#### Stored data:
------------------------------
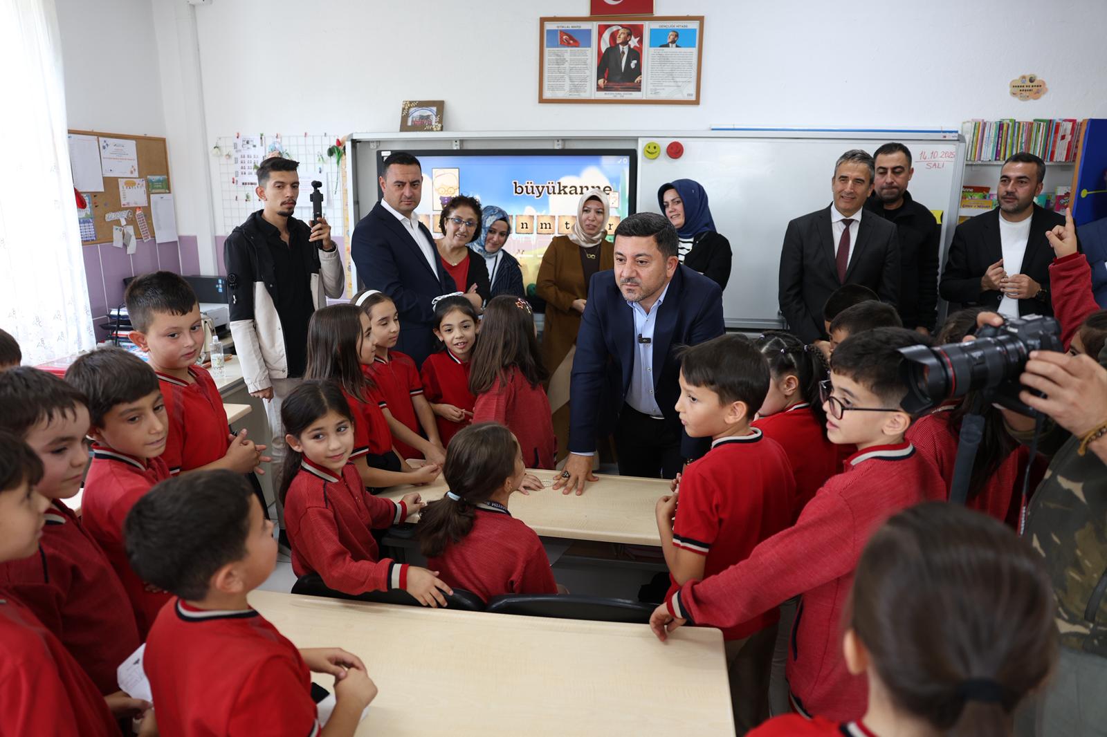 Sınıf başkanlığı seçimini kazanan Eymen Ekinci, verdiği sözü yerine getirmek üzere harekete geçti. Minik Eymen Ekinci’nin davetini geri çevirmeyen Nevşehir Belediye Başkanı Rasim Arı, ilkokula gelerek minik sınıf başkanı Eymen Ekinci’yi tebrik etti. Başkan Arı, okul yönetimi, idareciler, öğretmenler ve öğrencilerle sohbet ederek yürütülen eğitim faaliyetleri hakkında bilgiler aldı ve çocuklara çeşitli hediyeler takdim etti.
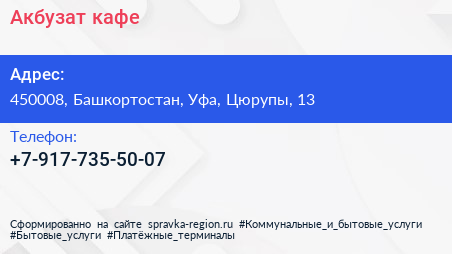 Акбузат, кафе по адресу 450008, Башкортостан, Уфа, Цюрупы, 13 в дальнейшем Организация, размещена в следующих категориях:
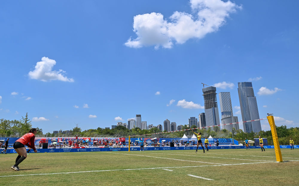 8月12日,巴西隊與奧地利隊在2025年成都世運會浮士德球女子半決賽比賽中。新華社記者 陳誠 攝
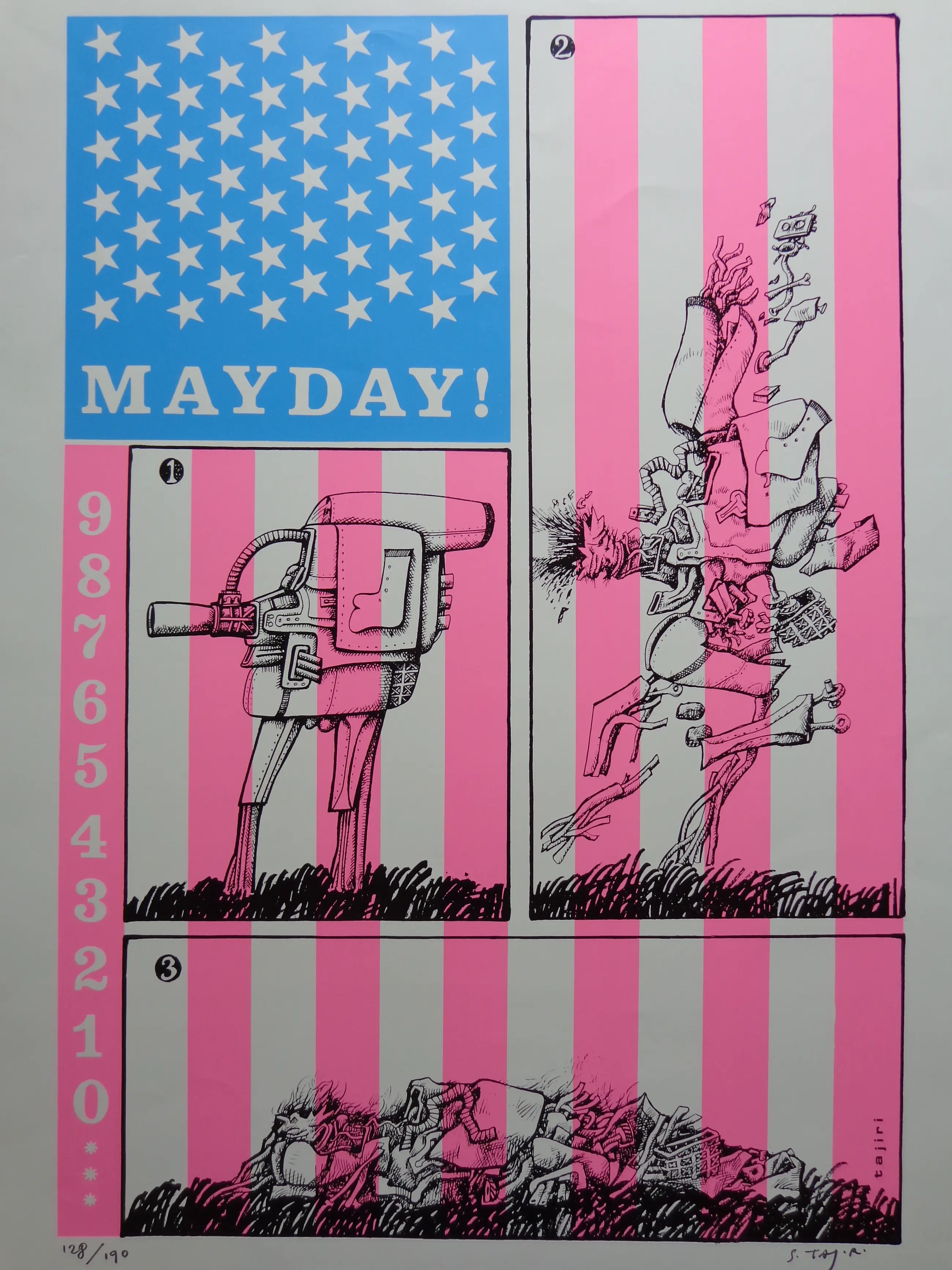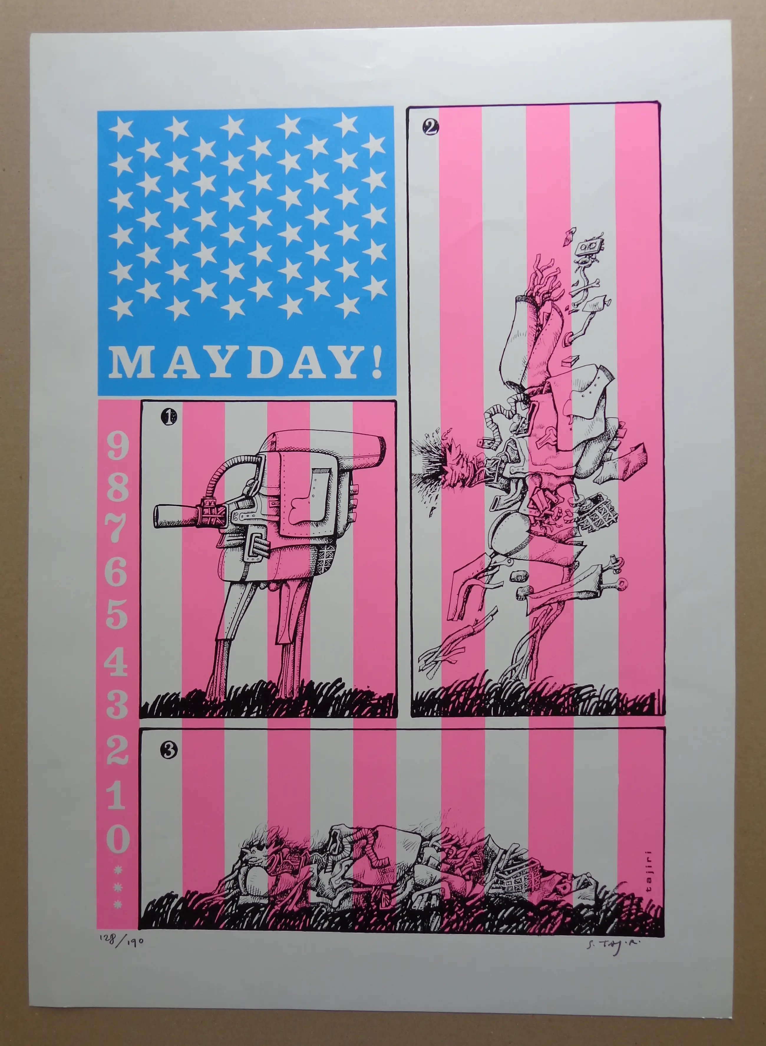 Shinkichi Tajiri (1923-2009). Titel: "Mayday". Kleurzeefdruk op blinkend papier. Gesigneerd met stift. Ex.nr. 128/190. Uitgave: Prent190. Enkele deuken over het blad. Blad: 70x50cm.
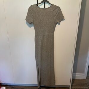 Elegant gray maxi dress with a stylish twist-front design. Perfect for any occasion. Casual & Comfortable material. Size Medium. Fits snug. Never worn/washed.
------------------------------
#### What you have to do:
Leave the pictures behind and transcribe every record above exactly.

#### Solution below:
 Sınıf başkanlığı seçimini kazanan Eymen Ekinci, verdiği sözü yerine getirmek üzere harekete geçti. Minik Eymen Ekinci’nin davetini geri çevirmeyen Nevşehir Belediye Başkanı Rasim Arı, ilkokula gelerek minik sınıf başkanı Eymen Ekinci’yi tebrik etti. Başkan Arı, okul yönetimi, idareciler, öğretmenler ve öğrencilerle sohbet ederek yürütülen eğitim faaliyetleri hakkında bilgiler aldı ve çocuklara çeşitli hediyeler takdim etti.
 Акбузат, кафе по адресу 450008, Башкортостан, Уфа, Цюрупы, 13 в дальнейшем Организация, размещена в следующих категориях:
 8月12日,巴西隊與奧地利隊在2025年成都世運會浮士德球女子半決賽比賽中。新華社記者 陳誠 攝
 Shinkichi Tajiri (1923-2009). Titel: "Mayday". Kleurzeefdruk op blinkend papier. Gesigneerd met stift. Ex.nr. 128/190. Uitgave: Prent190. Enkele deuken over het blad. Blad: 70x50cm.
 Elegant gray maxi dress with a stylish twist-front design. Perfect for any occasion. Casual & Comfortable material. Size Medium. Fits snug. Never worn/washed.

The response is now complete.